Despite our alpine slide of a year, we are incredibly thankful for so many things. Amazing friends and family who have been there for us in every possible way. They’ve provided emotional support, emergency babysitting and pet care, gifted us with gift cards to movies and ice cream shops to help keep our lives as normal as possible, helped with homework and school drop offs and pick ups. They’ve cut our grass and shoveled snow from our walkways (not in the same day, of course) and they’ve paid anonymously for our kids’ dance classes.  They’ve listened when I’ve felt alone, offered a shoulder when I needed to cry, and handed me a pillow when I needed to scream.
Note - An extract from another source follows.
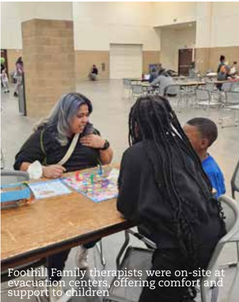
Foothill Family therapists were on-site at evacuation centers, offering comfort and support to children
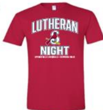
Shirts available in Adult S-XXXL *Additional $2 for XXL and XXXL

f /SpringfieldCardinalsBaseball @sgf_cardinals @springfield_cardinals

They’ve offered financial help and assistance navigating health care and disability insurance. They’ve helped us keep records for our taxes and offered to lend us  money (because let’s face it—we’re not rich enough to actually own heirlooms to sell off).

And this is what I am most thankful for this Christmas. I am thankful that we have a network of friends and family that’s bigger than the heart of the grinch (after it grew three sizes) and people who care so very much. We are so grateful.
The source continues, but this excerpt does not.